IAM - An Information Security Enabler
Identity and Access Management has become a key security program to enable new and ever-changing business, and technology needs with the right amount of security. As each organization defines their appetite for risk and how much they are willing to pay for it, they must assure that the foundational security process and technology are in place to deliver. As our organizations develop and deliver new and creative solutions, they can inadvertently create new blind spots within our security and IAM programs. If your security team lacks visibility or awareness of these solutions, the unacceptable or unknown risk is likely being introduced to your organization. There are new technology standards, tools, and architectures needed that many traditional IAM programs may not have. If your organization has not recently done an IAM strategy and gap analysis for your IAM program, now is the time.
Common IAM Blind-Spots
Applications and infrastructure are moving to the cloud. Maybe a little at a time, perhaps all at once, and perhaps even without Information Security knowing about it. Workforce and customer identities, as well as data access control, need to extend to the cloud environments to support this. Many traditional tools may not be up to the task.
• Integrating workforce and customer identity lifecycle with and across various cloud services, applications, and platforms.
• Technical identity standards support (SCIM, SAML, OAuth, OpenID, FIDO, etc.)

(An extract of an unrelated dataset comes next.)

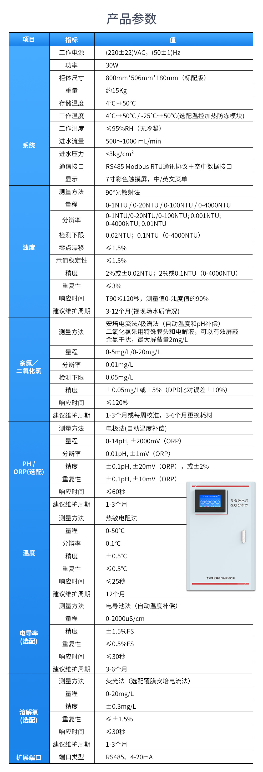 多參數水質在線分析儀是本公司自主研發制造的新一代飲用水水質監測設備,該設備可廣泛用于城市或村鎮自來水廠、自來水輸水管網、自來水二次供水、用戶末梢、室內游泳池、大型凈水設備和直飲水等水質在線監測,是水廠生產過程控制、水利水務管理、衛生監督等領域必不可少的在線分析設備。

• Data security and data loss prevention
• Authentication and privileged account management
Customer identities are managed in a very different way than workforce identities, and many organizations don’t consider this
to be a part of the IAM program. Business increasingly desires to give their customers more control over the security and use of their information access and authentication methods. Make CIAM a part of your IAM program to limit risk to the organization by providing secure solutions supporting your business customer security objectives. Customer identity is focused on customer choices rather than prescriptive control.
There are new technology standards, tools, and architectures needed that many traditional IAM programs may not have. If your organization has not recently done an IAM strategy and gap analysis for your IAM program, now is the time
• Data access and release authorization
• Social login – using your Gmail account for authentication
• Multi-factor authentication
• Password-less authentication and authentication tokens
• Self-service and profile management
• Risk-based authentication
With increasing mobile workforces, BYOD & IoT, 3rd party service providers, off-shore contractors, and cloud computing, our corporate networks are starting to look a lot more like the internet. Which side of the firewall your users are on is much less important than whom they are and what they should have access to. A new paradigm is gaining momentum, and it is based on leveraging user identities to establish the security perimeter of your systems.
• Verify everything, trust nothing
• Automated identity lifecycle management for internal and external users
• Role-based access control and attribute-based access control
• Multi-Factor authentication enforcement for privileged accounts
• Risk-based authentication and user behaviour analytics
• Network micro-segmentation
With all these factors playing a significant role in organizations, enterprises should strive to increase their security standards and make their IAM programs like an extra layer of protection from unknown security vulnerabilities and cybersecurity breaches. It is only with a robust IAM infrastructure that we can ensure consistent and standard access rules and policies across organizations.